社会人の時に観た映画1976年「男はつらいよ夕焼け小焼け」

 私はこの「」男はつらいよシリーズ」の中でもこの作品は好きな部類に入ります。とにかく小気味よい演出なのです。キネ旬でもたぶん2位と高評価された作品です。
 この映画のテンポに良さは多分にマドンナ役の太地喜和子のキップの良さの影響だとも思われますが、中々の出来映えでした。また、宇野重吉の好演も映画の奥行きを作りました。無銭飲食をしそうになった老人がまさか日本を代表する画家とは知らず、騒動をする有様や、画用紙に落書きのような絵を描いたのが、大金に変わる様などが、まるで良くできた落語のような展開をする様子などが描かれていきます。その画家と地方で再会する様などは実に良くできたものでした。その地方が夕焼け小焼けで有名なたつの市などはご当地紹介場面の教科書のような出来映えでした。そこで芸者をしているのが太地喜和子で全くお似合いでした。男気があって、キップがよい。情にもろくてお人好しというところなど彼女にぴったりであんじょう騙されてしまう。そこで立ち上がるのが寅次郎だが、とんちんかんな問答と持ち前の行動力で最後は目出度しとなるのだが、画家も粋なことをするものでラストはちゃんと締めてしまいます。

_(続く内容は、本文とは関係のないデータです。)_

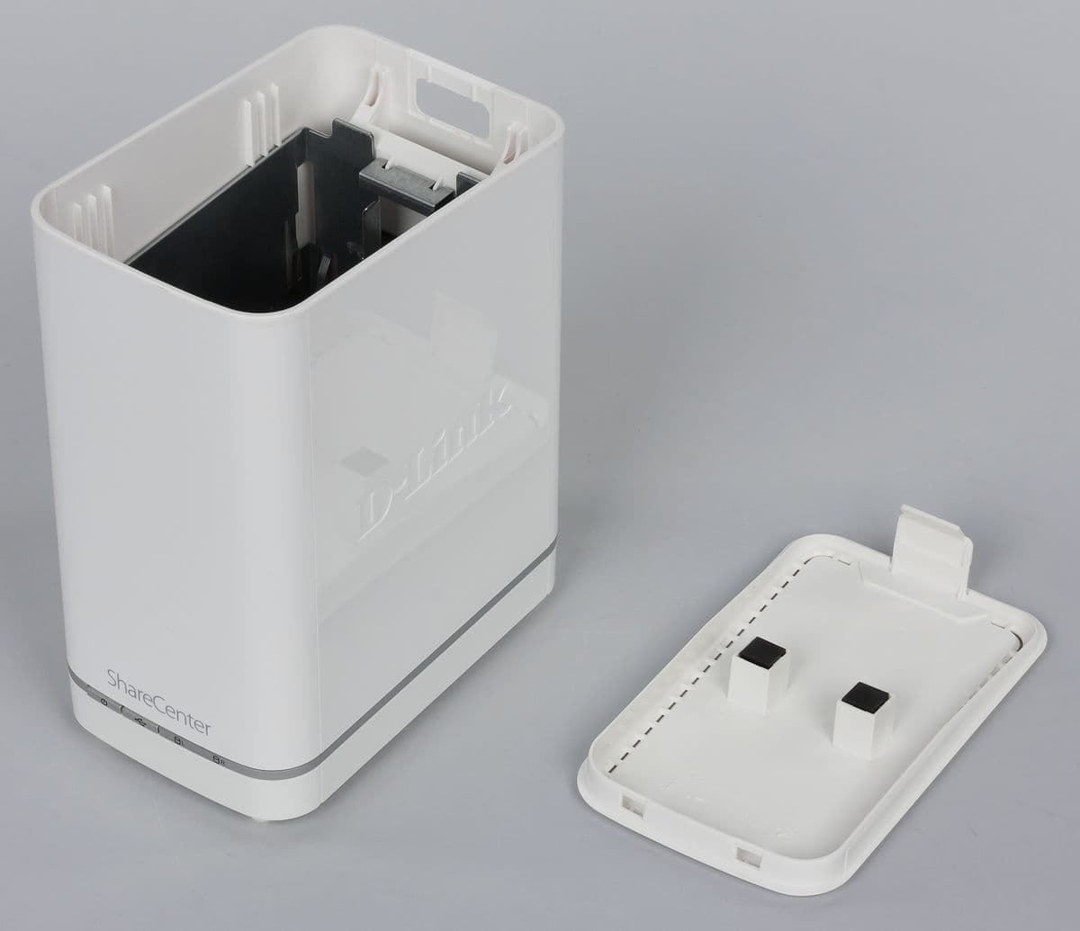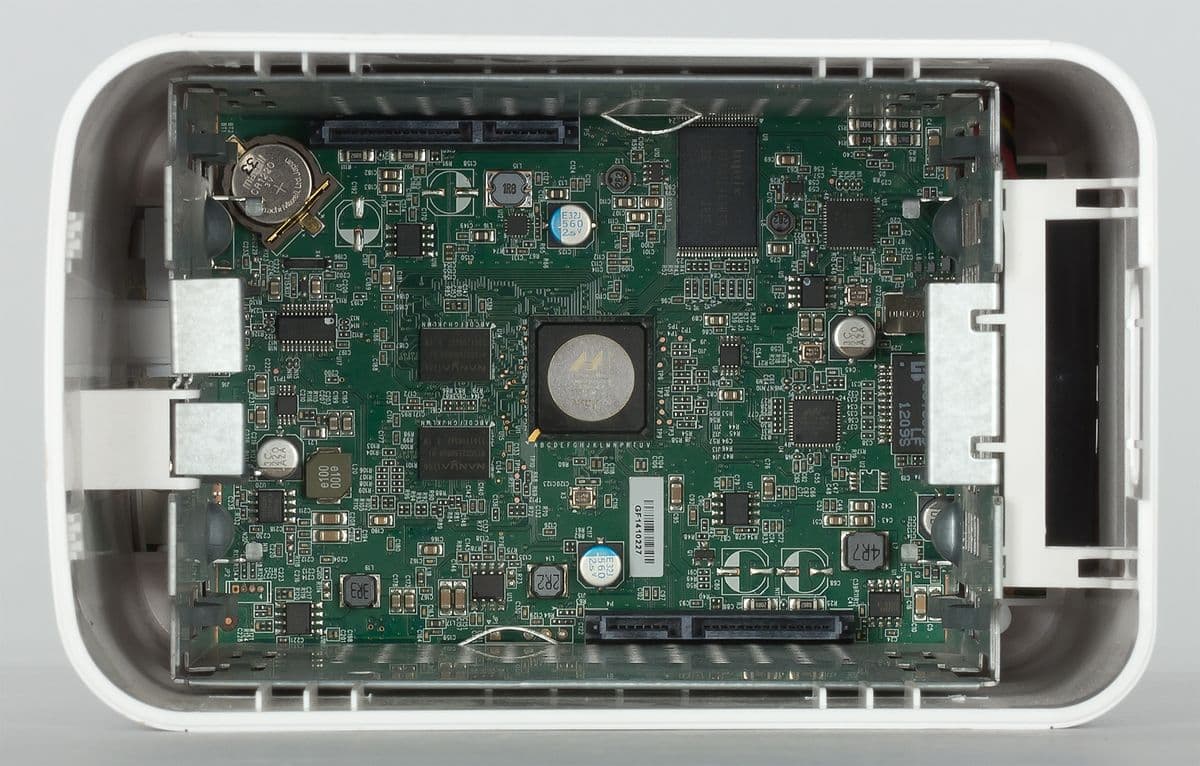 Внутренняя конструкция устройства достаточно простая — отсек для установки дисков (в вертикальной ориентации) представляет собой металлическую раму. Под ней установлена единственная печатная плата устройства.

 この頃の寅さんシリーズは年に2本こなすのに大変だったと思われますが、女優もまだ供給にまだあったし、次は誰だろうと予想するのも楽しみでもありました。女優のほうも選ばれるのが楽しみだったと思います。人によって違いはあると思いますが、ますます山田監督も円熟味が増して来る頃だとおもわれます。
ラストシーンの絵を送られた時のぼたんの嬉しそうな顔が想い浮かびます。それはまさに緋牡丹の鮮やかな絵でした。
 私はこの作品が好きです。でも惜しい女優を失ったものです。今生きていたら大女優になっていたことでしょう。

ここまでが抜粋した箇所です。